Camping along the Wonderland Trail is extremely popular throughout the summer and wilderness camping reservations are essential for many of the most popular campsites. Eighteen trailside camps, 3 to 7 mi apart, are located along the Wonderland Trail. Each camp has 1 to 8 sites for 1 to 5 persons per site. These sites will hold at most 2 tents. Parties requiring space for 3 or more tents must camp in a group site. Group sites are available at certain camps for parties of 6 to 12 persons. These sites typically hold 3 to 5 tents. Each camp has cleared tent sites, a pit or composting toilet, a bear pole for hanging food, and a nearby water source.

== Trail shelters ==
There are three backcountry shelters along the Wonderland Trail in the National Park Service rustic. They are the Summerland Trail Shelter, the Indian Bar Trail Shelter, and North Mowich Trail Shelter.

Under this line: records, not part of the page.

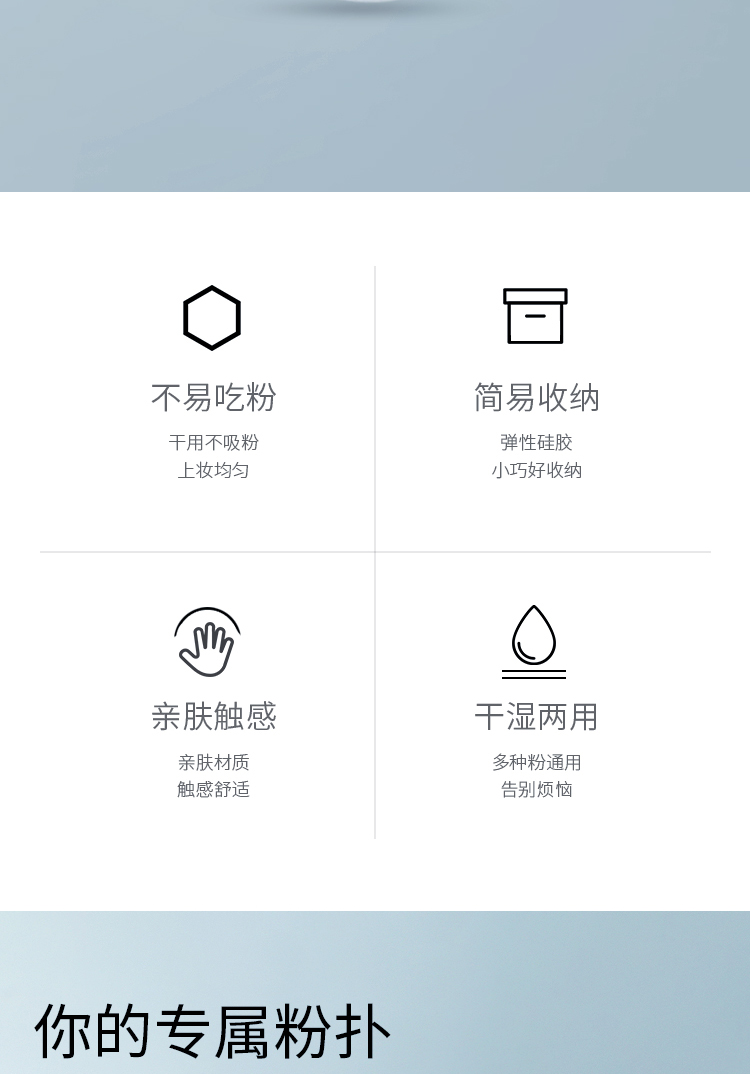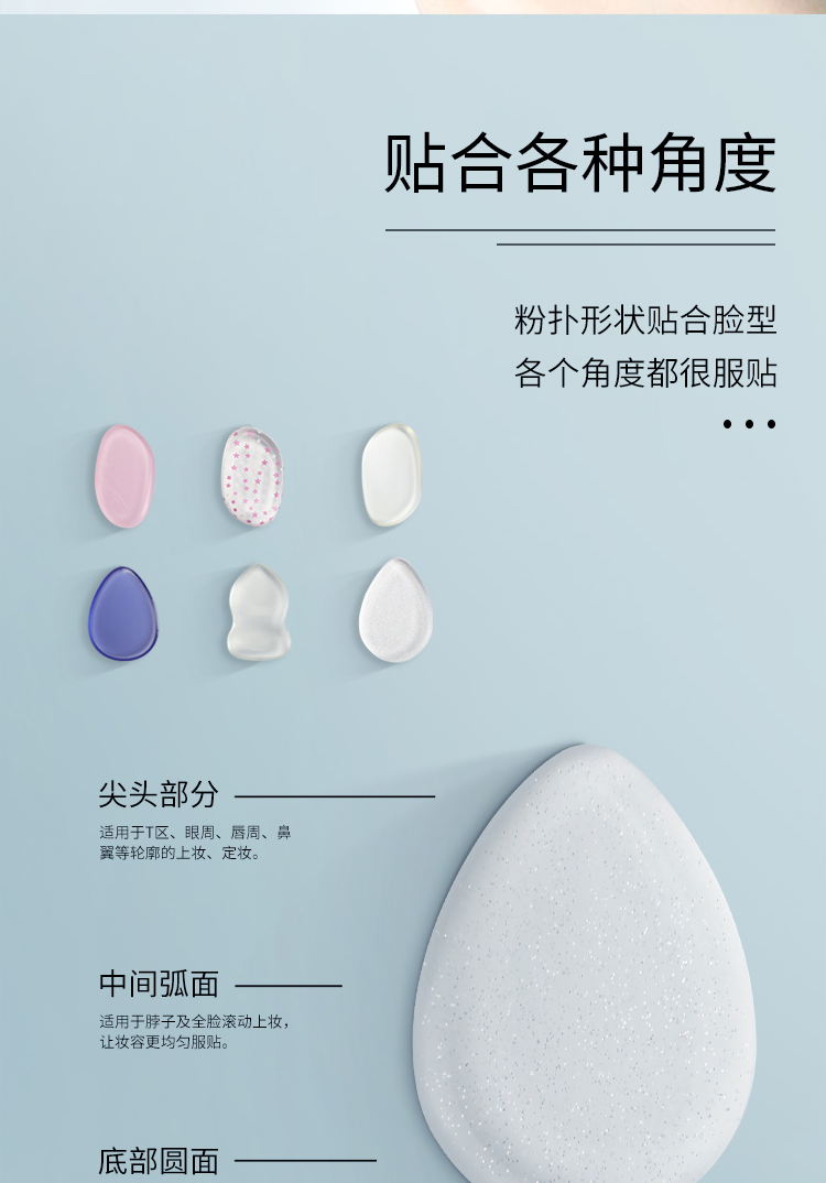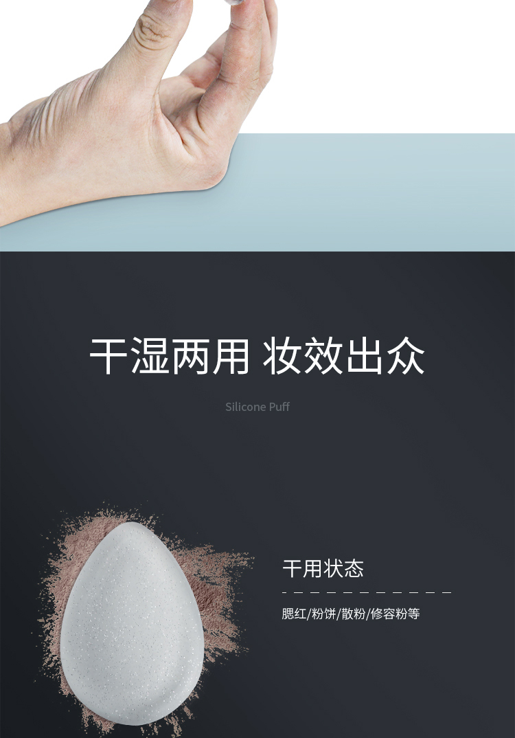 1.硅胶粉扑不吃粉,用量少,请少量多次的叠加上妆,轻拍按压上妆;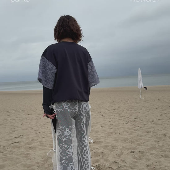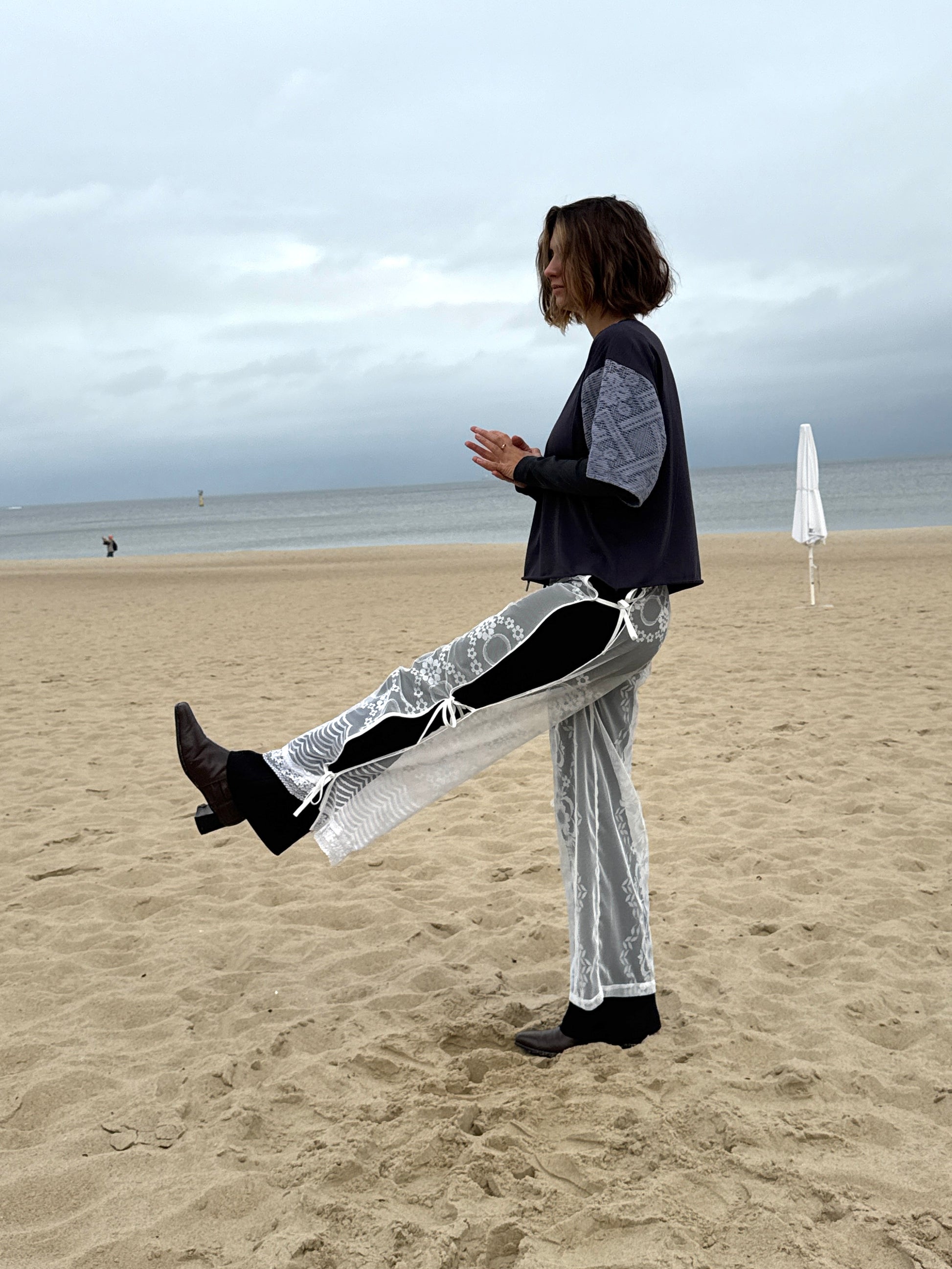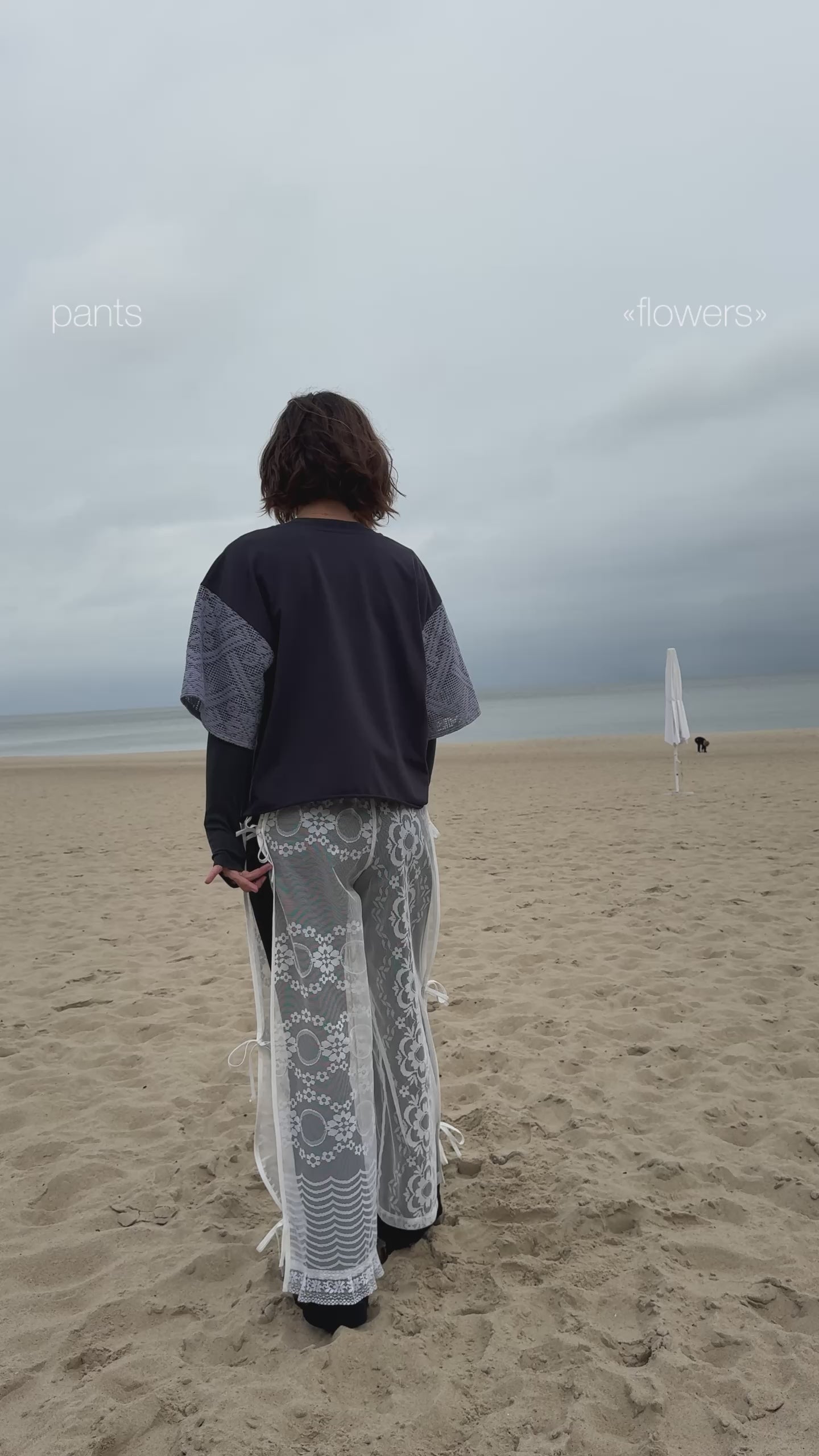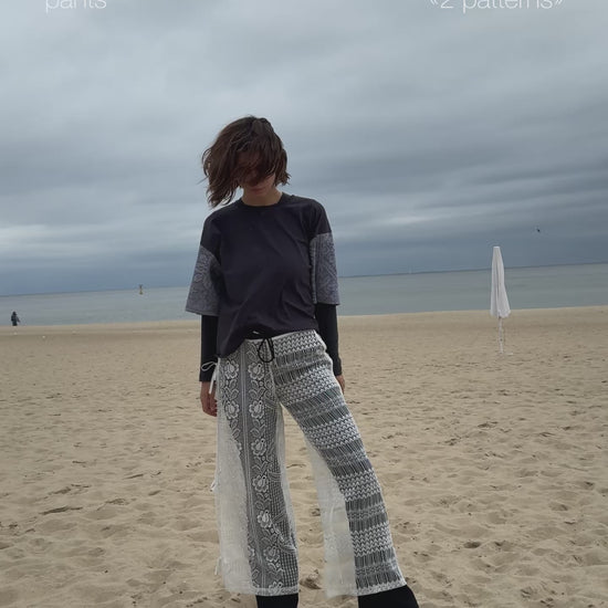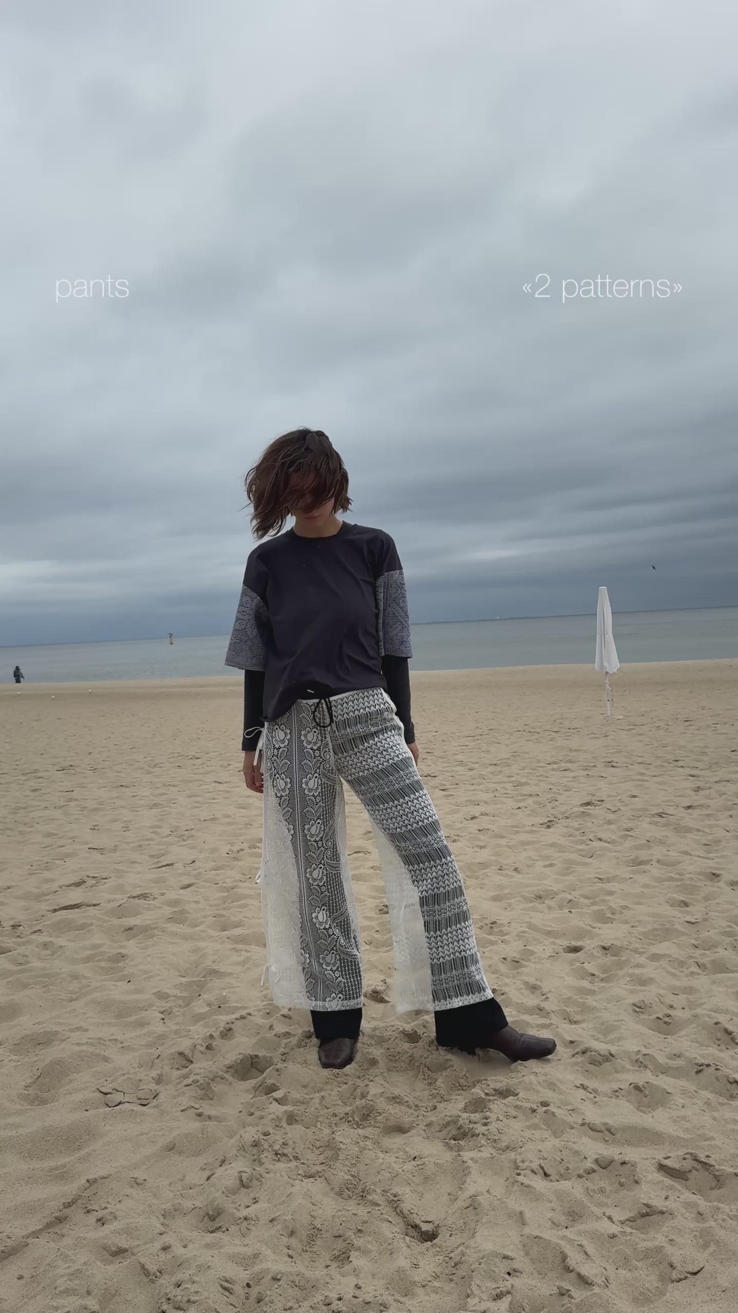 Pants made from vintage curtains. Each pair of pants is made from a different curtain, exists as a one-of-a-kind piece and carries a story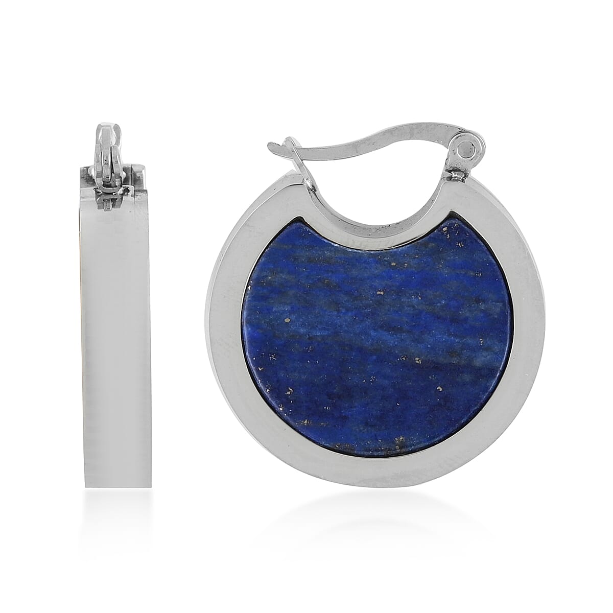 Lapis Lazuli Inlay Hoop Earrings in Stainless Steel 20.00 ctw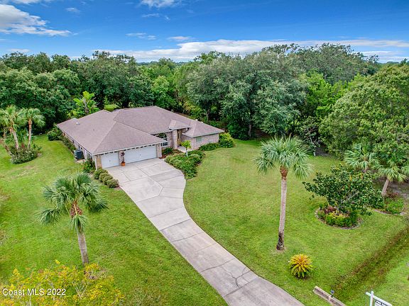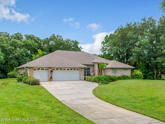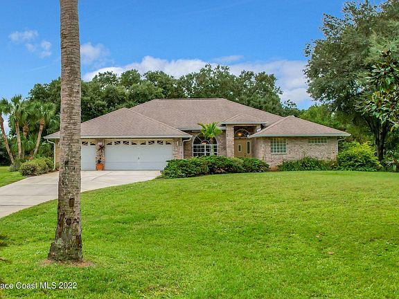PRETTY 3-bed/3-bath/3-garage POOL HOME NESTLED on a PRIVATE & SERENE 1.08 ACRES! Feel Secure in this 2224 sq.ft. Sturdy Concrete dwelling with Brick exterior, Energy efficient Doors & Windows including shutters & a 2020 Roof. Plenty of Gathering Space at the Kitchen Breakfast bar or Eat-in area, all open to the Family room. This Airy Split-Plan Layout has 3 bathrooms & 3 full baths – two of which are Ensuite. Large Master Bedroom features his/her Closets & a Glass Slider leading out to the Lovely Lanai. Fix your drinks & Retreat Poolside in your Peaceful Backyard with Space for Family, Friends, & Pets to Play. The 3-car Garage & Long Driveway creates room for your Boats or RV. No HOA! Enjoy Country Living in this Newer section of Canaveral Groves but with the perks of an easy commute. commute.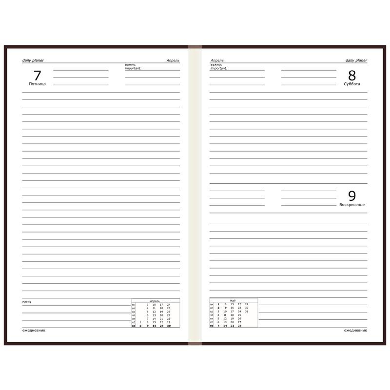 Блок: датированный на 2023 год, 160 листов (320 страницы), бумага белый офсет, плотностью 55–60 г/кв.м, печать в блоке в 1 краску. Цвет обреза белый. Содержит информационно-справочный блок — личные данные, календарь на 2023 год, автомобильные коды России, коды автоматической междугородней и международной связи, карту России. На один будний день приходится одна страница, временной интервал — 30 минут с 8:00 до 21:00 свободные строки. Нет петли для ручки. Удобен для записи переговоров, встреч.

Staying at these shelters is considered backcountry camping and requires a permit. The shelters were built by the Civilian Conservation Corps between 1934 and 1940. See Wonderland Trail Shelters.

== Wilderness permits ==
A backcountry permit, including reservations for designated camping areas, is required to hike the Wonderland Trail. Prospective hikers can enter a lottery for permits early in the year. After the lottery, people may reserve designated camping areas using the federal government's Recreation.gov website. 30% of slots are held for 'walk-up' allocation at the park's wilderness centers.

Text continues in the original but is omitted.